That all being said... I've always been a little uncomfortable that in this post-9/11 world that any airline employee can get you kicked off a flight by simply calling you a "security threat". This guy wasn't a threat... just a jerk and the Southwest agent didn't feel threatened... they just wanted to get back at the guy for calling them out on twitter (which is the most direct route customers have to senior members of the customer relations team).


----------



## Anderson (Jul 24, 2014)

(1) While the guy comes off as a jerk, pulling him off the plane was almost assuredly uncalled-for.

(2) In keeping with (1), this isn't the first issue of an airline employee going on a bit of a power trip...but the previous stories I've heard have been with flight attendants, not gate agents.


----------



## Bob Dylan (Jul 24, 2014)

"Sticks and stones will break my bones,

But Tweets will never hurt me!"

Updated for the 21st Century!!!


----------



## Green Maned Lion (Jul 24, 2014)

Tweets hurt me. Terribly. Don't people understand that Dr. Samuel Johnson defined the English language and all changes are a heinous crime?

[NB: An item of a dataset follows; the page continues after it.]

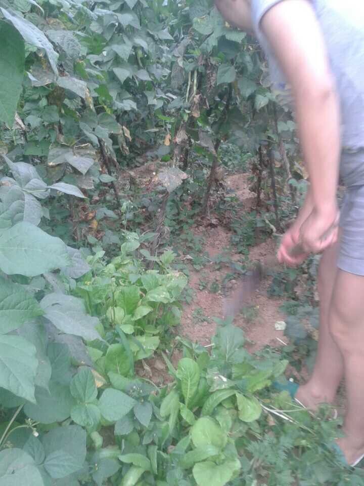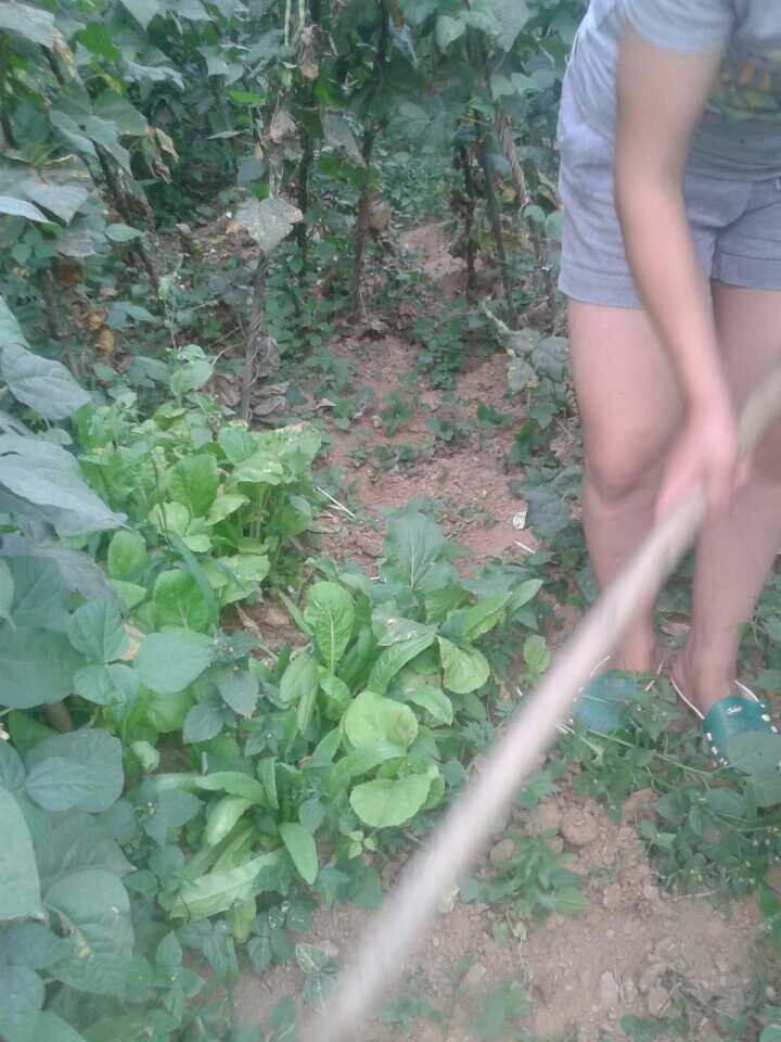 妈妈开始除草了,拿起旁边的锄头,三下两下就把那边没用的杂草除掉了。看上去很轻松,但我还是不敢尝试。

It is not rite 2 tlk lik dis u no wut I mn? @ubergrammarfuhrerSS #stupid


----------



## Bob Dylan (Jul 24, 2014)

I agree with your point Lion and I also question youngsters building their life around " tweets" from some ignorant singer, athlete or movie star!!!

I was just pointing out that the airline dragon overacted big time! Wonder if they were from Chicago??


----------



## SarahZ (Jul 24, 2014)

Acela150 said:


> I'm trying to figure out how she found out about the tweet.. Did he tweet it in front of her?

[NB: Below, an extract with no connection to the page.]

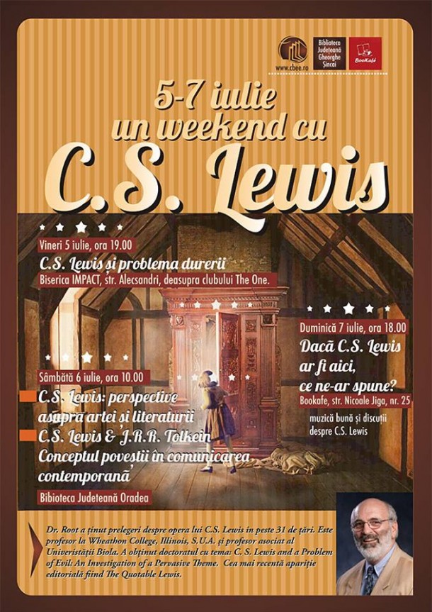 Colegiul Biblic Est European, alături de Biblioteca Judeţeană “Gheorghe Şincai” Oradea şi Bookafe, organizează trei zile de analiză a moştenirii editoriale pe care C.S. Lewis ne-a lăsat-o, anul acesta împlinindu-se 50 de ani de la moartea scriitorului creştin. Întâlnirile se vor desfăşura în următoarele locaţii din Oradea:

We're only getting the dad's side of the story. For all we know, he flaunted it in her face and told her what he'd done.


----------



## Green Maned Lion (Jul 24, 2014)

I'd bet on that.


----------



## SarahZ (Jul 24, 2014)

Green Maned Lion said:


> I'd bet on that.


After 20 years in customer service, I'd bet my next paycheck on it.


----------



## Green Maned Lion (Jul 24, 2014)

I didn't know you were old enough to have 20 years in customer service. Cynical enough, certainly.


----------



## SarahZ (Jul 24, 2014)

Green Maned Lion said:


> I didn't know you were old enough to have 20 years in customer service. Cynical enough, certainly.


I'm 37, and I've been working since I was 15-years old.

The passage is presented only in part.